[Stored data]
────────────────

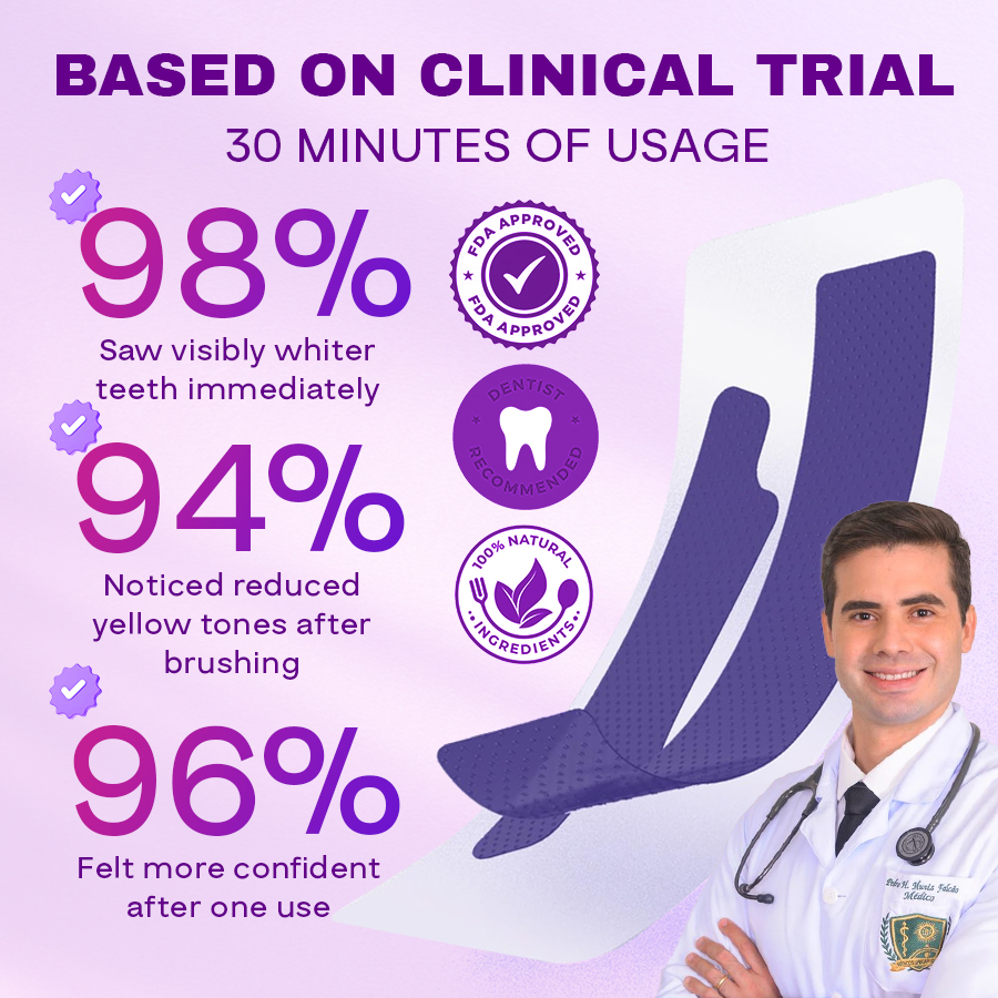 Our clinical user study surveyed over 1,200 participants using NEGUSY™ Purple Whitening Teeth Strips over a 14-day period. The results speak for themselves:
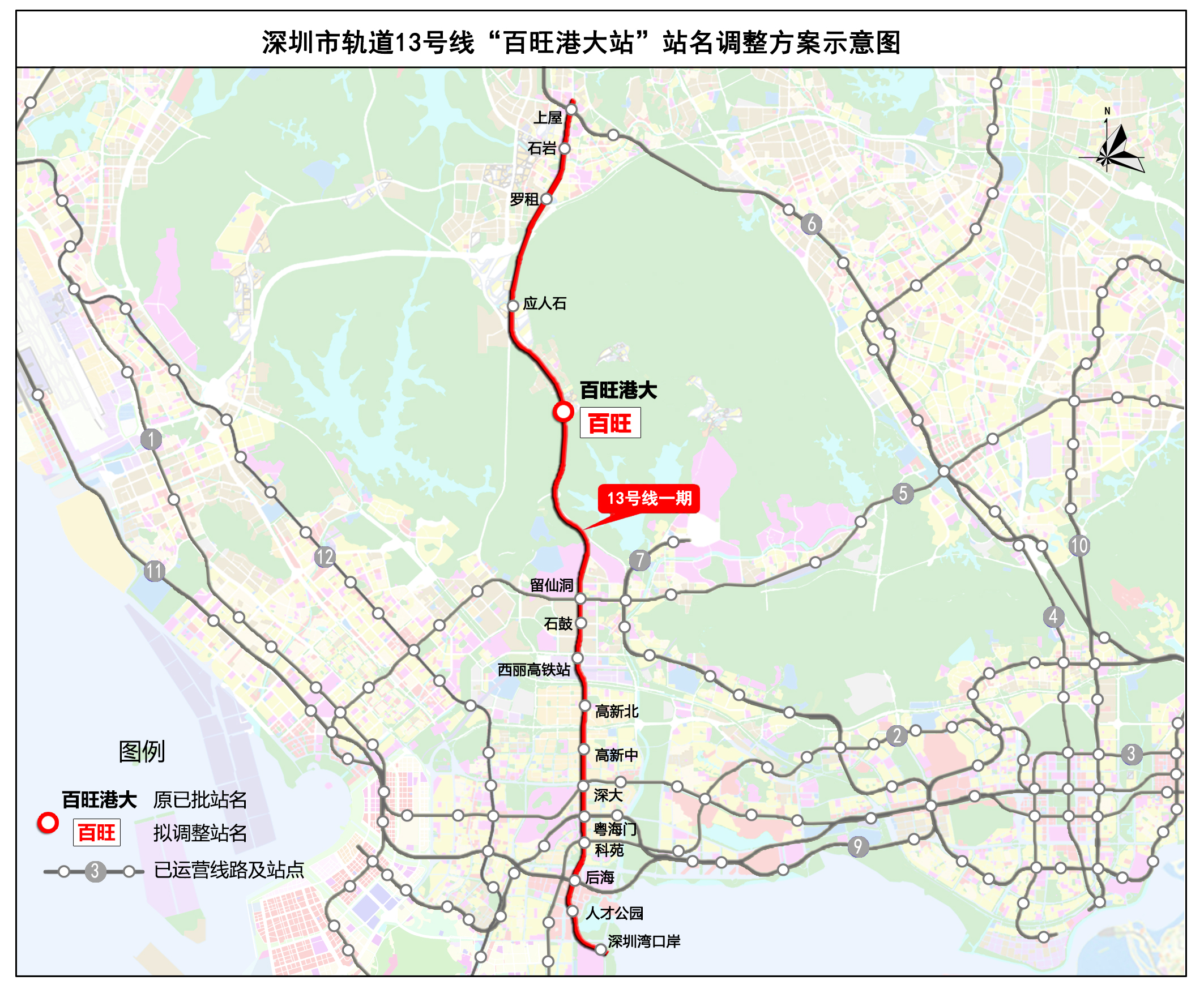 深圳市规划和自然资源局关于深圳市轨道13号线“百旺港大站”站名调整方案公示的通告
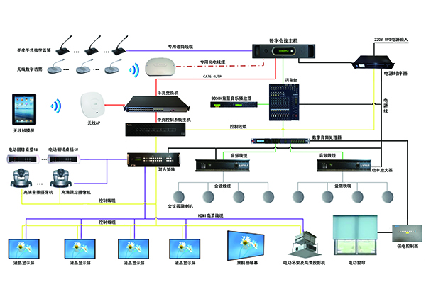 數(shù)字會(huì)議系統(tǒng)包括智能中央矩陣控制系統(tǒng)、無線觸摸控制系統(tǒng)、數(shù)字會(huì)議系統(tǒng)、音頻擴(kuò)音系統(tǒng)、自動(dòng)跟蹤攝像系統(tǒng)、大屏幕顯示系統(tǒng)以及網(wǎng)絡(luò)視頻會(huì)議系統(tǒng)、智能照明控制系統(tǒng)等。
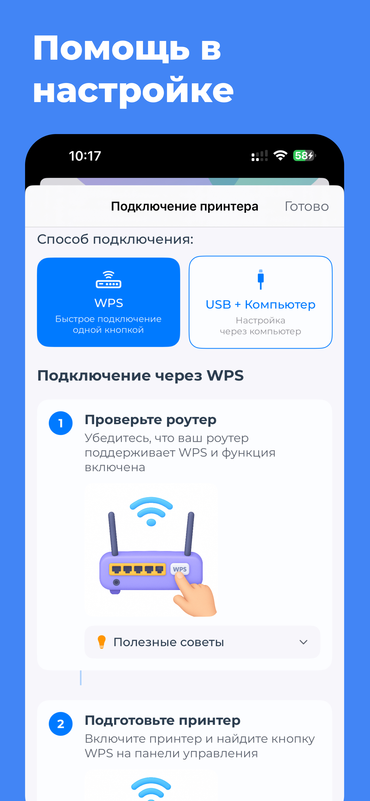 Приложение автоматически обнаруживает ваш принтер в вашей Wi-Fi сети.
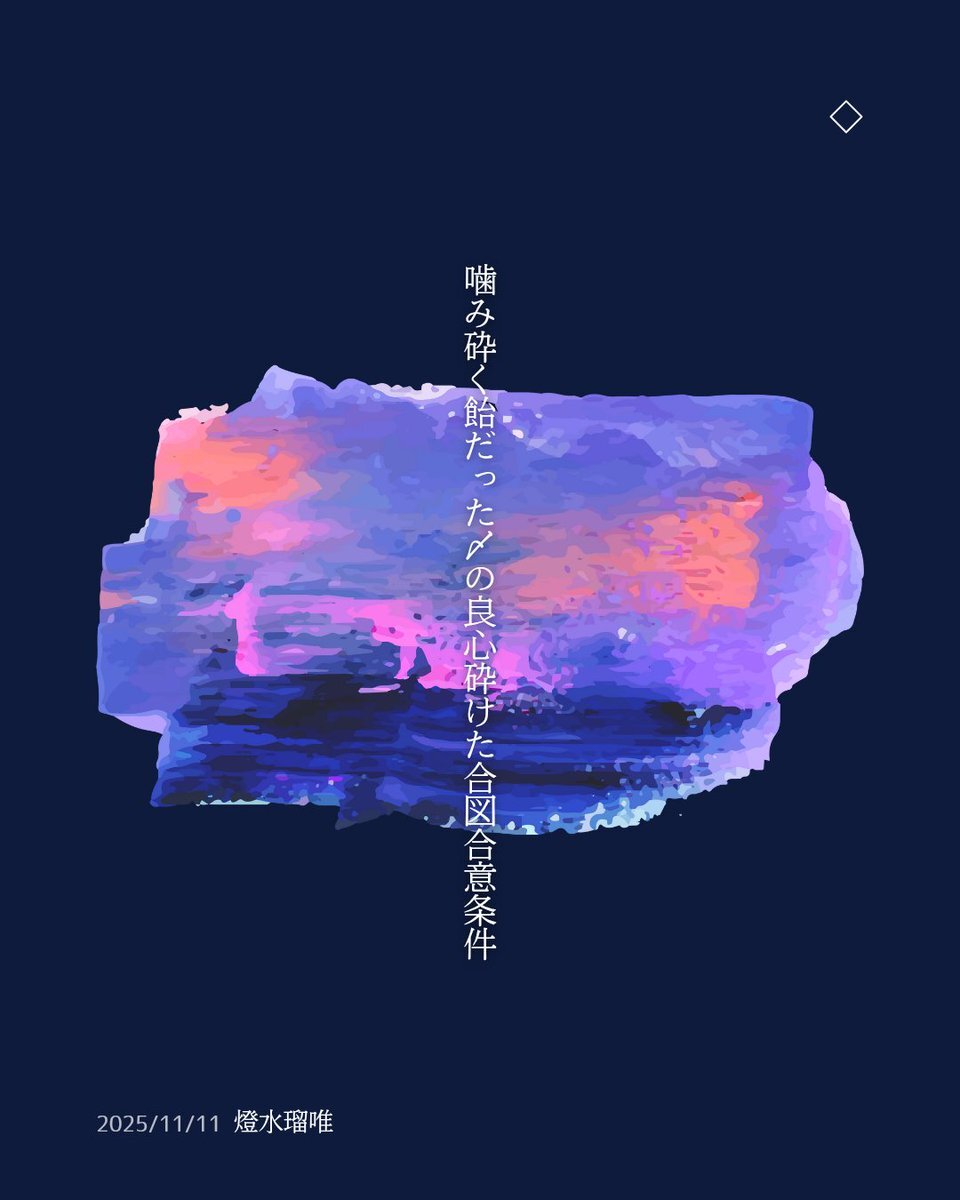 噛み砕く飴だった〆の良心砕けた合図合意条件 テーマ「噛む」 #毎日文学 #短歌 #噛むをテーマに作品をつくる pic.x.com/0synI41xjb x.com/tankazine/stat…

────────────────

(PROBLEM TO SOLVE) Begin with the line containing "數(shù)字會(huì)議系統(tǒng)包括智能中央" and end with the last line of the entries above. Copy those lines exactly, both ends included, and drop every picture.

(ANSWER)
 數(shù)字會(huì)議系統(tǒng)包括智能中央矩陣控制系統(tǒng)、無線觸摸控制系統(tǒng)、數(shù)字會(huì)議系統(tǒng)、音頻擴(kuò)音系統(tǒng)、自動(dòng)跟蹤攝像系統(tǒng)、大屏幕顯示系統(tǒng)以及網(wǎng)絡(luò)視頻會(huì)議系統(tǒng)、智能照明控制系統(tǒng)等。
 Приложение автоматически обнаруживает ваш принтер в вашей Wi-Fi сети.
 噛み砕く飴だった〆の良心砕けた合図合意条件 テーマ「噛む」 #毎日文学 #短歌 #噛むをテーマに作品をつくる pic.x.com/0synI41xjb x.com/tankazine/stat…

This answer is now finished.